The industry appropriated elements of Black culture and heavily invested advertising dollars into African American publications.

Refuting tobacco industry talking points

Why is removing the sale of menthols an equity issue?

For decades, the tobacco industry specifically marketed menthols to African American communities. The industry appropriated elements of Black culture and heavily invested advertising dollars into African American publications. They are known for sponsoring Black events like the KOOL Jazz festival, saturating urban Black neighborhood stores with ads, and pricing menthols more cheaply in Black neighborhoods. As a result of their efforts, 85% of African American smokers choose menthols while less than 30% of white smokers prefer menthols.

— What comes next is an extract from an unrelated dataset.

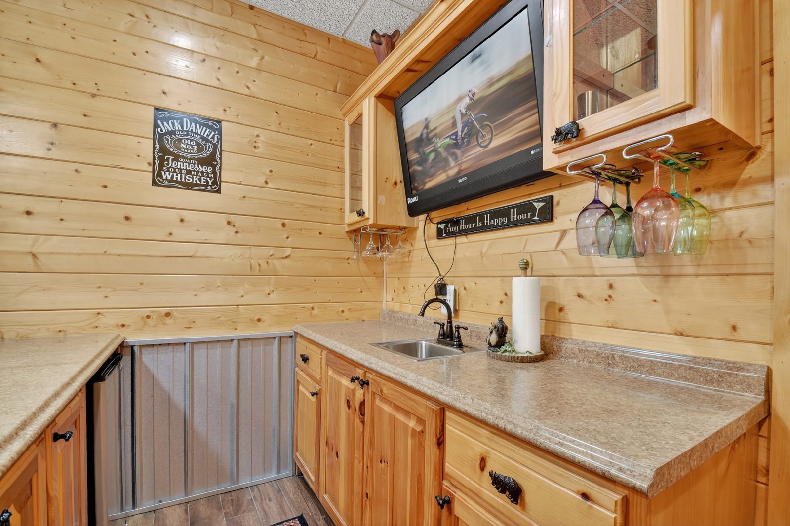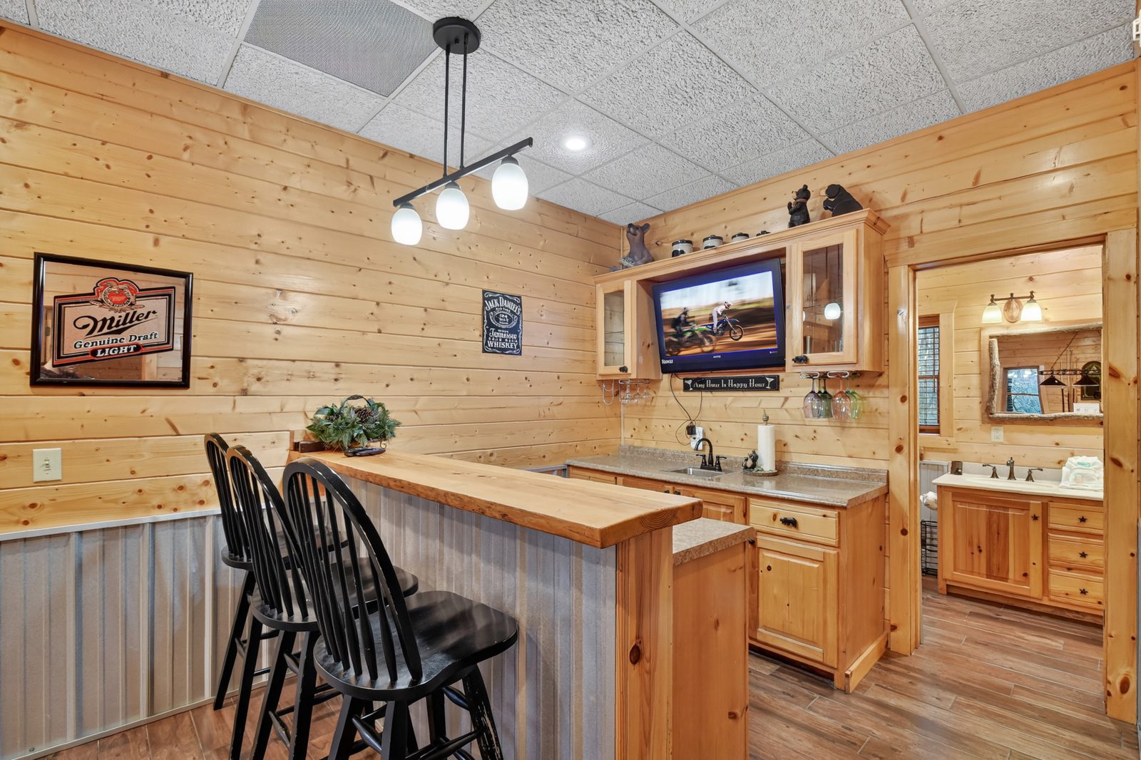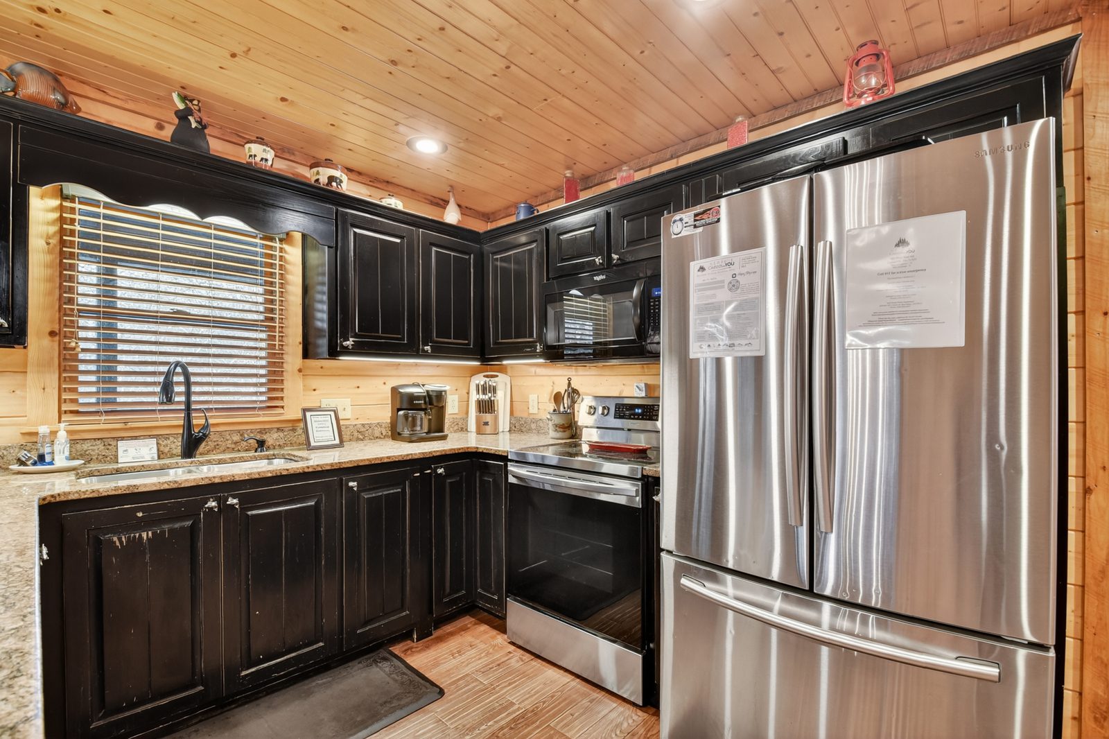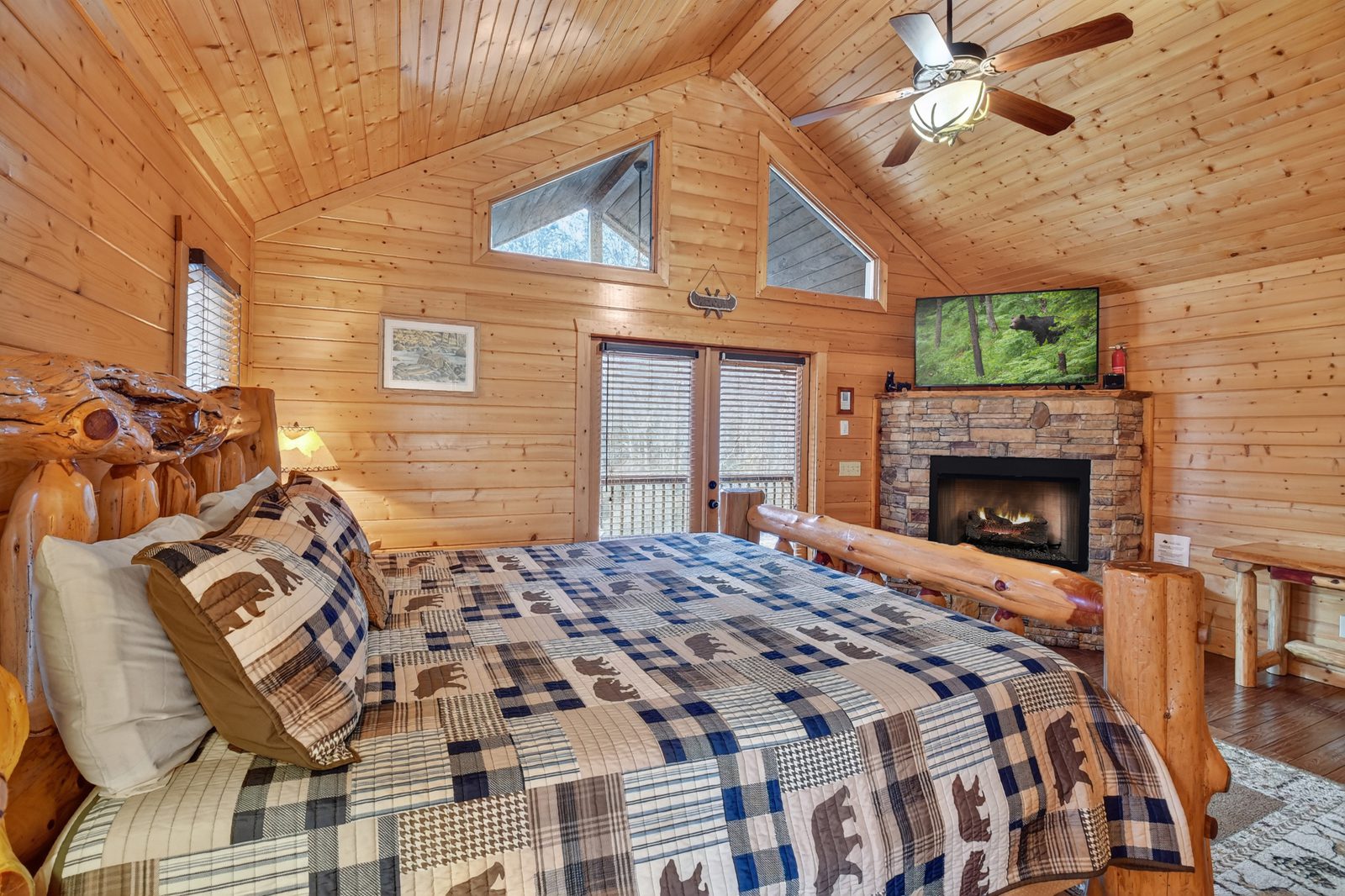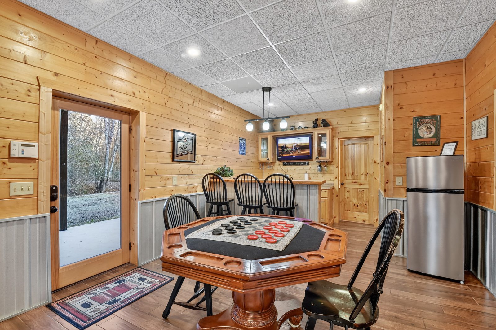 Light the wood-burning fireplace in the living room, primary suite, or on the main deck for cozier moments together, paired best with mugs of cocoa or glasses of wine. Stream movies on the big screen TV or head to the game room for rounds at the pool table or arcade unit; there’s even a wet bar for craft cocktails! Hungry? Whip up meals in the fully equipped kitchen that features a dual coffeemaker or toss steaks and veggie kabobs on the gas grill outside. Meals at the rustic picnic tables ovrelooking the water are memorable, indeed.

Isn’t tobacco use an issue of personal responsibility?

The tobacco industry used to distribute free samples of their deadly products to underage youth, handing them out from mobile units in Black neighborhoods like an ice cream truck. To this day, tobacco companies donate millions of dollars to institutions that provide credible unbiased information for making good decisions. These include historically Black colleges and universities, African American newspapers, civic leaders, researchers, and elected officials. Research shows that quitting menthols is more difficult than quitting tobacco without this characterizing flavor. African Americans consistently report more, but less successful attempts at quitting menthols. It is possible that tobacco use is not as personal of a choice as many assume.

I heard a rumor that the law that will remove menthol from cigarettes could lead to increased policing in Black communities. Is this true?

This is a tobacco industry argument that exploits the real issues of police brutality and mass incarceration. Excessive force and systemic racism are problems that must be addressed independently of public health measures. The FDA rule would stop manufacturers from adding menthol as a flavor ingredient into cigarettes - that’s it. It does not penalize or open the door for police to stop people from smoking, buying, or having menthol cigarettes. Some state and local laws remove flavored tobacco products from shelves and only regulate retail stores, not individual people.

 

Will removing menthol from cigarettes lead to the creation of an illegal market?

All evidence points to no. Economic data from countries like Canada (that have already removed menthol cigarettes from their markets) and the United States show that after removing menthol and other flavored cigarettes there was no substantial increase in illicit trade of menthol cigarettes internationally or domestically. In other words, these laws do not create an entire illegal market. Remember, the United States already removed all other flavors (like grape and strawberry) except for menthol and tobacco in 2009. There was no illicit trade market created as a result and economists say it is extremely unlikely if the FDA added menthol to that list of already prohibited flavors in cigarettes. The industry pushing this claim about illegal menthol markets plays into harmful stereotypes against African Americans as it asserts Black people will turn to criminal activity. In reality, surveys show that if menthol were removed from the market it would actually encourage African Americans to quit menthols and treat nicotine addiction rather than seek it from a "black market".
 

Is the FDA just trying to take away our personal freedom?

Flavors were already removed from cigarettes in 2009, with the exception of menthol. Like food, drugs, cleaning products and cosmetics, the FDA regulates products that threaten the public’s health or safety. They do not regulate personal choices.